--- Dataset excerpts Enclosed Below ---
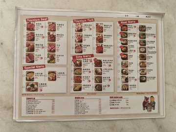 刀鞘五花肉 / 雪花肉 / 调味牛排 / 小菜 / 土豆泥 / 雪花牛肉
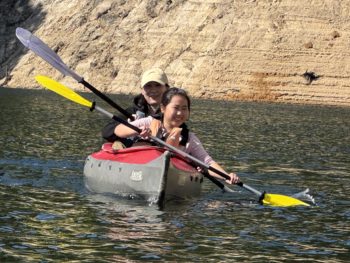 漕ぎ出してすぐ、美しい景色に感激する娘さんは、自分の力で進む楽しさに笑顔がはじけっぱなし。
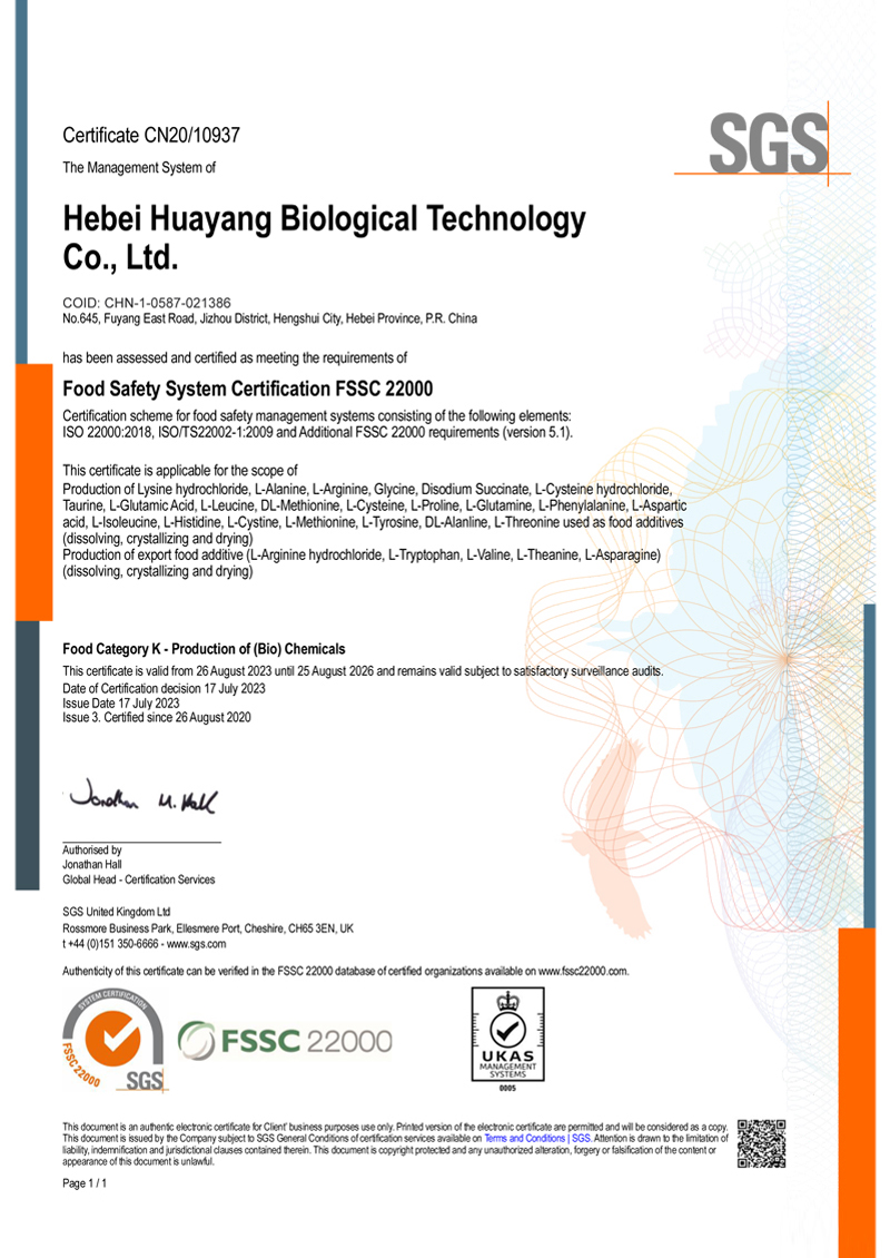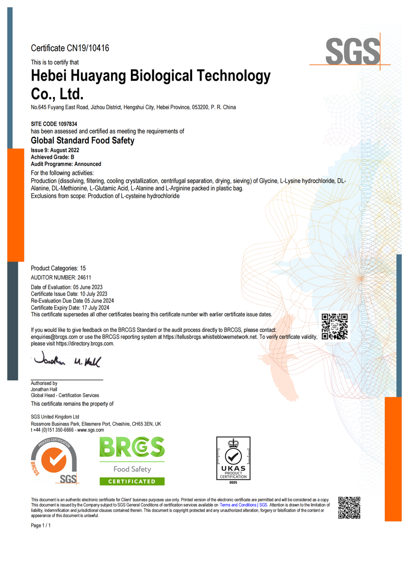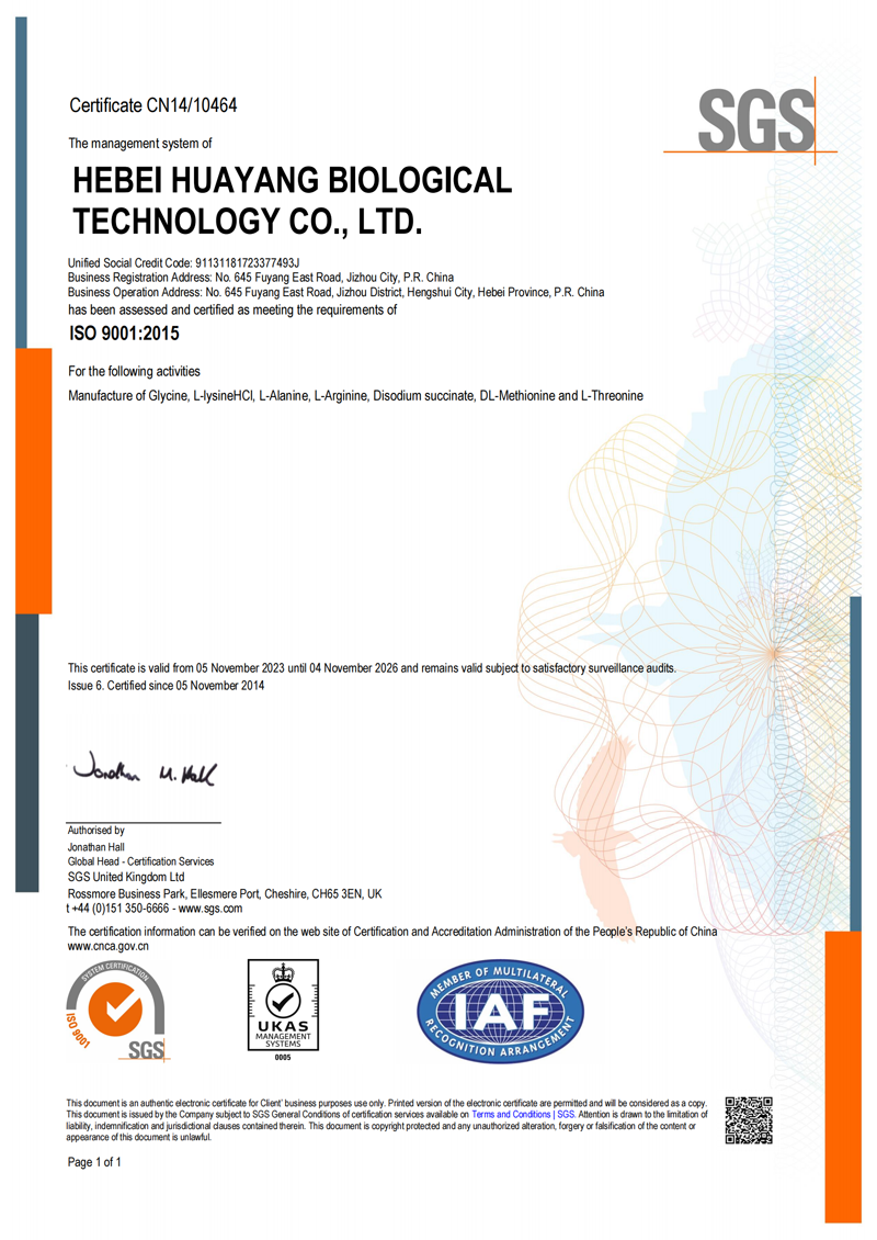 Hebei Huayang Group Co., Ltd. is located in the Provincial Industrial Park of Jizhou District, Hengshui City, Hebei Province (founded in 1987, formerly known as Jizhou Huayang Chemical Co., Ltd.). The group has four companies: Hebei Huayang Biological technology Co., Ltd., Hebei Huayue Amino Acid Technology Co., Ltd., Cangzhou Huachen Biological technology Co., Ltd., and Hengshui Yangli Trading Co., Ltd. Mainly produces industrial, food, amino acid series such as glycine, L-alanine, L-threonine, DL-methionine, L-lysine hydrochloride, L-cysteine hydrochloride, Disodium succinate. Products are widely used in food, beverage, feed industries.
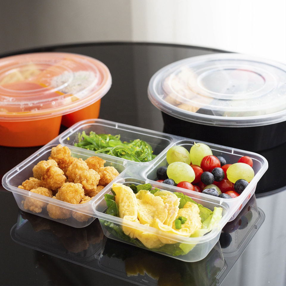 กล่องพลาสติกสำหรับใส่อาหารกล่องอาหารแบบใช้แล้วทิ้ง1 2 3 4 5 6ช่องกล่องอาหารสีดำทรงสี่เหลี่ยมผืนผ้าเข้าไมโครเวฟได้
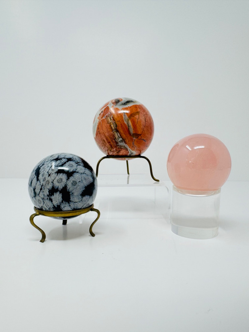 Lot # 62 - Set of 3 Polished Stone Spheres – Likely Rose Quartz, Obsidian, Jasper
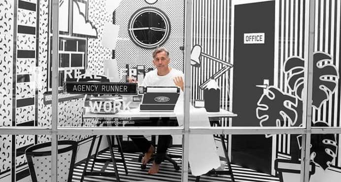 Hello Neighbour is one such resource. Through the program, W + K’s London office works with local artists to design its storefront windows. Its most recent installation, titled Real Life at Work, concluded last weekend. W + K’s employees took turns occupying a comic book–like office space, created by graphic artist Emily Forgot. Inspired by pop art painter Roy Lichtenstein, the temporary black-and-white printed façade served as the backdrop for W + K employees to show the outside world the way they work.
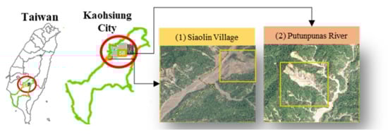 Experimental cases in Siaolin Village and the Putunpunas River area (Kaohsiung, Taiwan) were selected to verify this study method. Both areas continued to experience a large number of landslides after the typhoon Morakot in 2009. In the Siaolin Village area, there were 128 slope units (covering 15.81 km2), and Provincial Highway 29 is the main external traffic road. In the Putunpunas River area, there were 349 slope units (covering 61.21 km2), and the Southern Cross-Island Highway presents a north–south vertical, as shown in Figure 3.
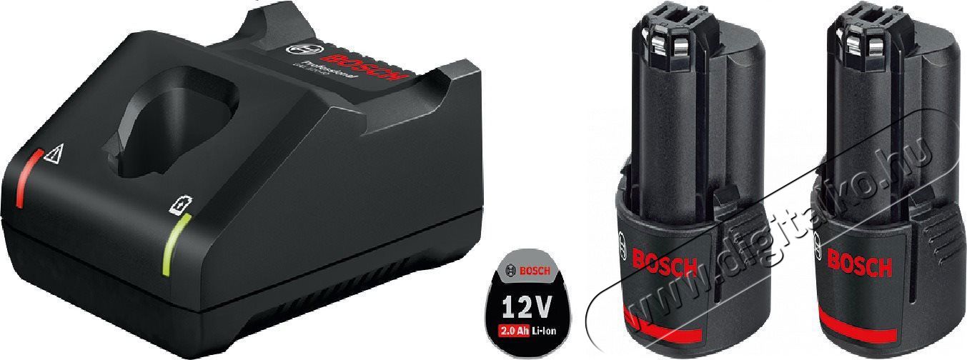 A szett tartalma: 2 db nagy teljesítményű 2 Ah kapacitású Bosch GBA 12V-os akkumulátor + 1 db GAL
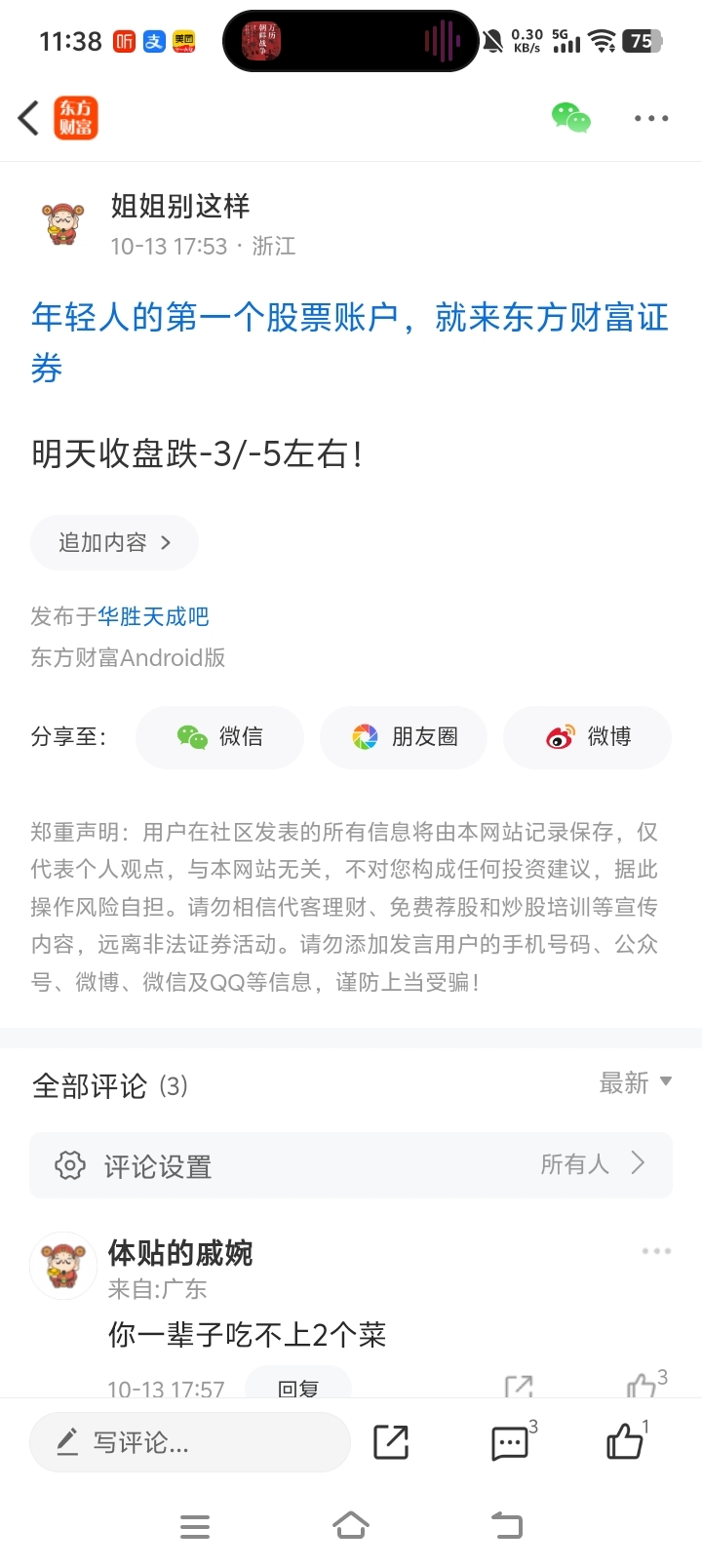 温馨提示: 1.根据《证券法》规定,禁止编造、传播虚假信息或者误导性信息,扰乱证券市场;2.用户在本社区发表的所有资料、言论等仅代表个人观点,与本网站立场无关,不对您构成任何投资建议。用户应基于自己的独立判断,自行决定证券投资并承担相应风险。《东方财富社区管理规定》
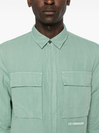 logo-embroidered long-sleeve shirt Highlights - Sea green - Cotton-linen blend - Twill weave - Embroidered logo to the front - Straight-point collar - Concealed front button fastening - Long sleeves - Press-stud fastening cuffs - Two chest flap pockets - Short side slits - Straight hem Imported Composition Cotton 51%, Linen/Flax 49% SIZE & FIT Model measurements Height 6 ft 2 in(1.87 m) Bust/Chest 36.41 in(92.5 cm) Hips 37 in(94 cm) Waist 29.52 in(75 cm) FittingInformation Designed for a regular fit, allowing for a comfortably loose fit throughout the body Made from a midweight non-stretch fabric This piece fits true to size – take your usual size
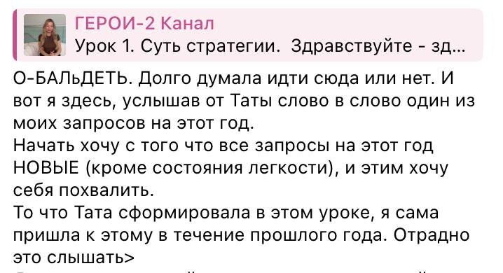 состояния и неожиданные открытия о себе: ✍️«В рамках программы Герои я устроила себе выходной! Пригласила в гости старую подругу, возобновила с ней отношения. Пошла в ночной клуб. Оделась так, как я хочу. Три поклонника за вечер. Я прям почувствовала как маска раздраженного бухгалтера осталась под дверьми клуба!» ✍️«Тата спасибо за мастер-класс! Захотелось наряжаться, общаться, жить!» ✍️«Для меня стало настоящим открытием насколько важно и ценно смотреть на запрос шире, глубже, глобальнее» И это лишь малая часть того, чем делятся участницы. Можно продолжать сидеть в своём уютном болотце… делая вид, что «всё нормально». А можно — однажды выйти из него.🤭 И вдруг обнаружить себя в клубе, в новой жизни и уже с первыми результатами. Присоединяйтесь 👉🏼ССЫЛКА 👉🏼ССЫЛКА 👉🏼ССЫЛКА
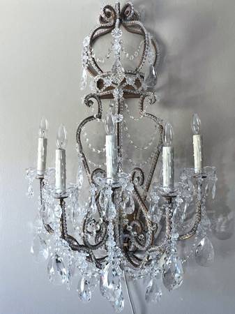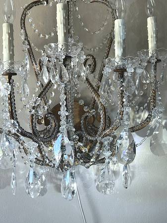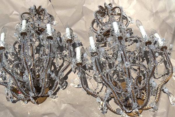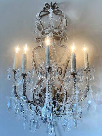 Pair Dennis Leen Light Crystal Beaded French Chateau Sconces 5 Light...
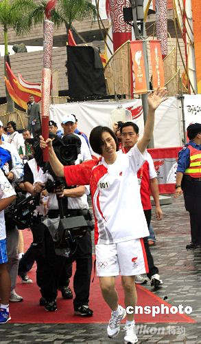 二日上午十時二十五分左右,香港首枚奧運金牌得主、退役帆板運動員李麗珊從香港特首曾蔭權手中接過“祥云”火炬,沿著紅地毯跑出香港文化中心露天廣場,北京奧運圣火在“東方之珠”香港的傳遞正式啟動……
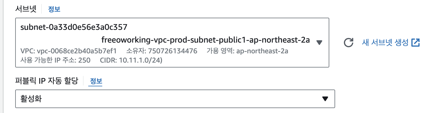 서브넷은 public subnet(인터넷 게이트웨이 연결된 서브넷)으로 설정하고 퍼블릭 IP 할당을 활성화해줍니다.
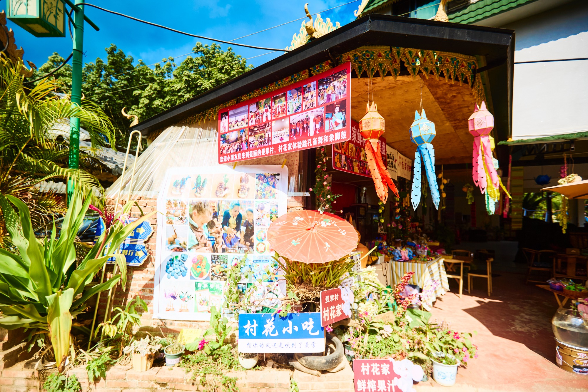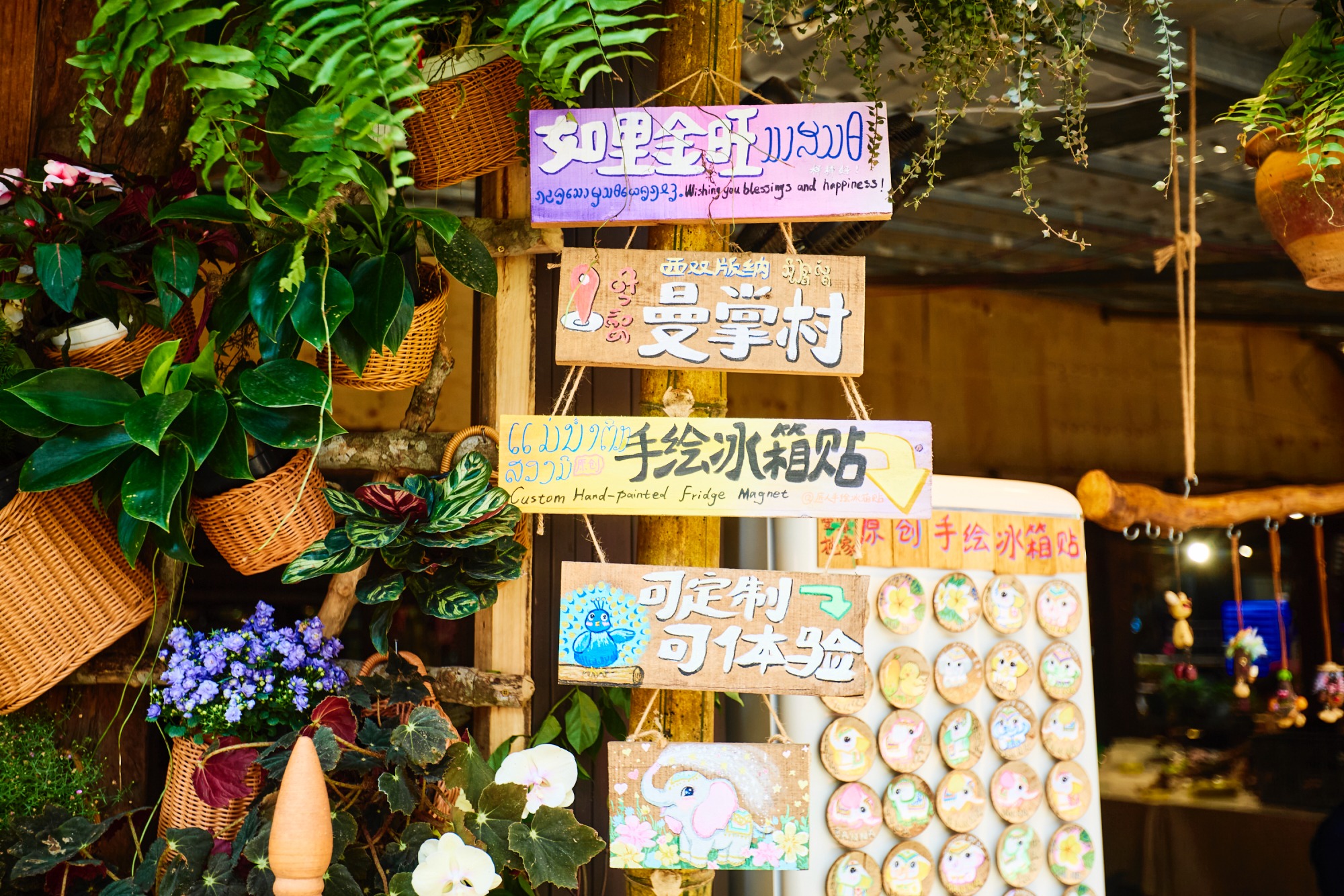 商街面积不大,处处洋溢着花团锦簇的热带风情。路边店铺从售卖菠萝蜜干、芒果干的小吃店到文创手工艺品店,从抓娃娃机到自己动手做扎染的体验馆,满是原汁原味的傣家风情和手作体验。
--- End of Enclosed Dataset excerpts ---
Task to complete » Above are the records; restate exactly the lines from the one containing "กล่องพลาสติกสำหรับใส่อาหารกล่องอาหารแบบใช้แล้วทิ้ง1 2 3" through the one containing "Hello Neighbour is", keeping pictures out.

Written reply »
 กล่องพลาสติกสำหรับใส่อาหารกล่องอาหารแบบใช้แล้วทิ้ง1 2 3 4 5 6ช่องกล่องอาหารสีดำทรงสี่เหลี่ยมผืนผ้าเข้าไมโครเวฟได้
 Lot # 62 - Set of 3 Polished Stone Spheres – Likely Rose Quartz, Obsidian, Jasper
 Hello Neighbour is one such resource. Through the program, W + K’s London office works with local artists to design its storefront windows. Its most recent installation, titled Real Life at Work, concluded last weekend. W + K’s employees took turns occupying a comic book–like office space, created by graphic artist Emily Forgot. Inspired by pop art painter Roy Lichtenstein, the temporary black-and-white printed façade served as the backdrop for W + K employees to show the outside world the way they work.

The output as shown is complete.